Valley Forge: George Washington and the Crucible of Victory (42 page)

Read Valley Forge: George Washington and the Crucible of Victory Online

Authors: Newt Gingrich,William R. Forstchen,Albert S. Hanser

Tags: #War

Of course after but a day of drill they could march in line, on a parade field, but the last maneuver, when he forced some of the men to act as dead and wounded—within seconds all semblance of formation disintegrated. At Minden he had seen entire companies swept away in the blink of an eye by concentrated blasts of grapeshot from batteries of the enemy’s six-pounders. Assaulting a fortified line, covered with heavy twelve-, eighteen-, and twenty-four-pounder guns, entire regiments could be cut in half in a single salvo. Yet still they were expected to continue to press forward at the double, dressing line as they did so, keeping formation and ready to fire or press in the charge on command.

His young staff was silent, walking to either side of him. None of them had ever actually been in a fight. They knew their drill, of course, but the reality of a battle, the man next to you decapitated, his brains splattering into your face and you were expected to keep control, to lead and not become unnerved?
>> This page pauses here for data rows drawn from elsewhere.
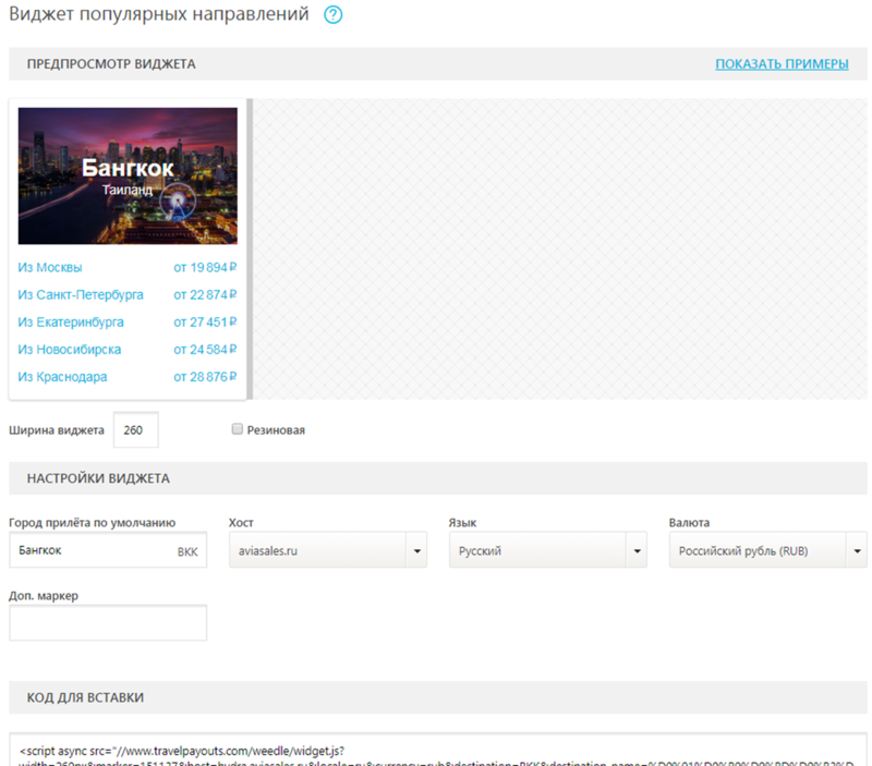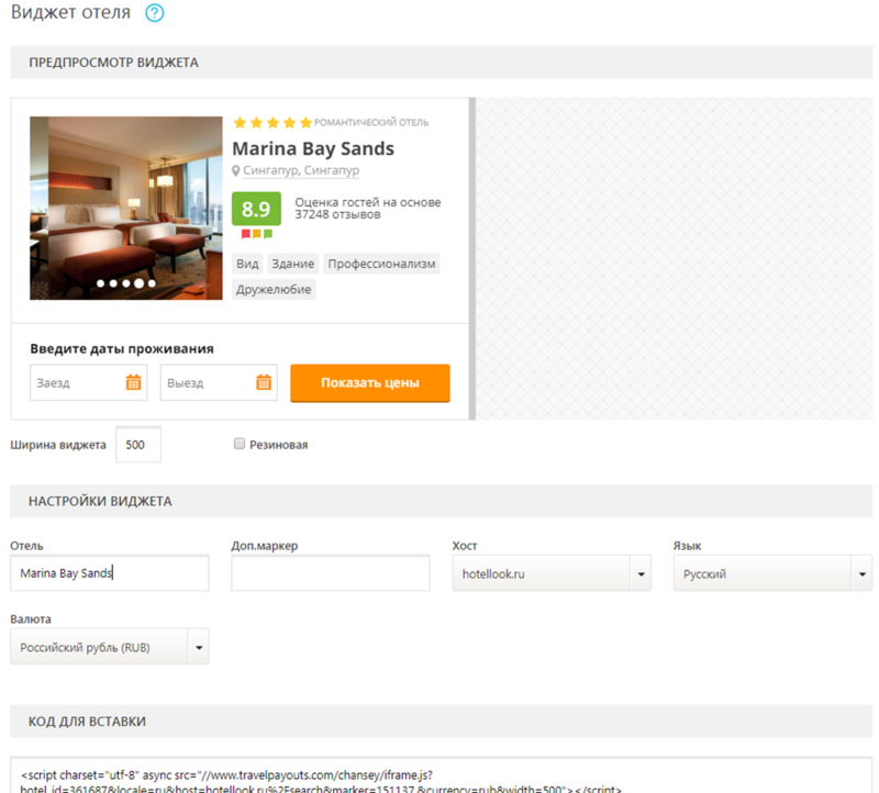 В настройках вы указываете ширину виджета, отель, валюту, язык и маркер (для удобства ведения статистики трафика).
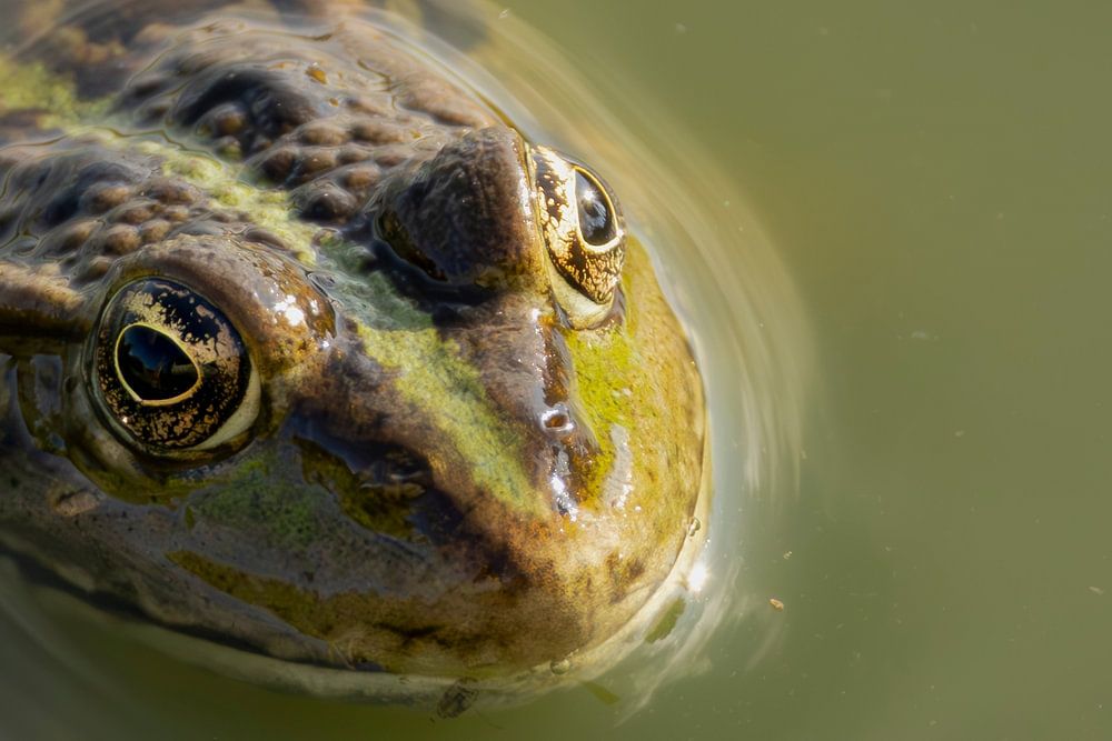 In der Nähe des Vogelhäuschens der Poelruiter auf den Oostvaardersplassen, wo es viel Leben gab, wartete dieser Frosch auf vorbeiziehende Insekten, aber es gab auch viele Raubtiere, die wieder Hunger auf ihn hatten.
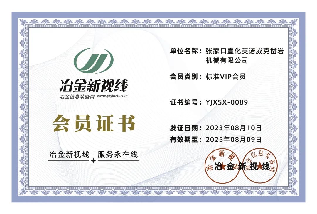 张家口宣化英诺威克凿岩机械有限公司已成功加入冶金新视线标准VIP会员,并将获得为期两年的专业会员服务。成为冶金新视线的VIP会员,意味着张家口宣化英诺威克凿岩机械有限公司已经迈出了成功的第一步。冶金新视线已经为许多VIP会员提供了有价值的服务。通过合作,会员们得到了业务的提升,取得了实实在在的成果。我们期待与张家口宣化英诺威克凿岩机械有限公司一同创造更多的成功案例。
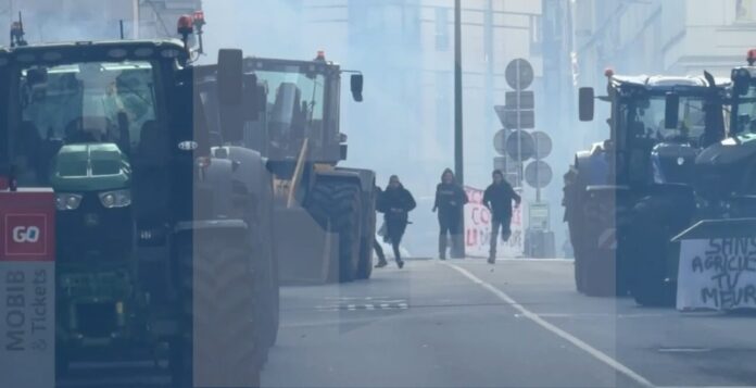 Против протестующих фермеров в Брюсселе полиция применяет слезоточивый газ — целый квартал окутан веществом — сообщает РЕН ТВ.
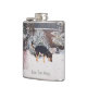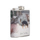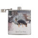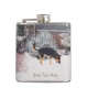 This original snow scene picture on this cute dog hip flask is from a painting of a little black and tan mixed breed dog, he’s sniffing and scratching at the thick layer of freshly fallen snow that he’s just discovered for the first time in the garden. This little dog is named Eddie, he’s a german shepherd cross breed dog and he’s enjoy the cold weather in his winter garden. In the background of this scenic snow picture you can see a little grey garden gnome quietly sitting and reading his book at the side of the small snow covered frozen pond. There’s also lots of snow covered garden shrubs and an old wooden shed in Eddie’s garden, all these bits and bobs add interest to this lovely little winter snow scene on this quality art hip flask. The original painting of Eddie in the snow is tilted "First Snow" and is an acrylic painting. This is a customisable flask, you can personalise it with your own text.
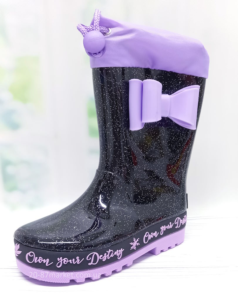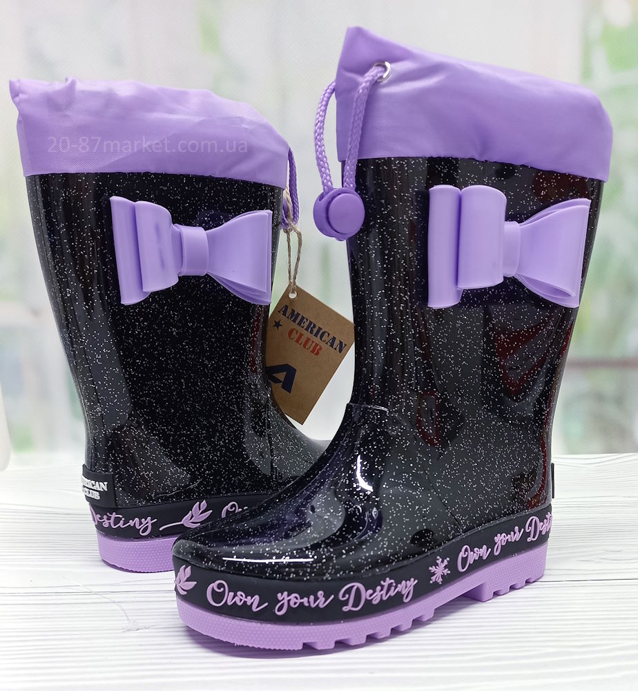 - Резиновые сапоги для девочки, р.26-30, арт.34576, American Club, чёрно-фиолетовые, бантик

They were nearly as green as the men he was training.

He looked around at them and smiled.

“My lads, you did well today,” he offered with a smile, hiding all his inner fears.

His few words of praise caused grins of delight.

“Vogel, what is the suggestion for dinner tonight?”

They had managed to hire one of the women working in the camp to cook their meals and tend to their small headquarters house. She had gone into the army with her husband, who had died the week before from the flux, and one of Lafayette’s staff had recommended her as someone of good character who needed the work. Besides, she could speak German.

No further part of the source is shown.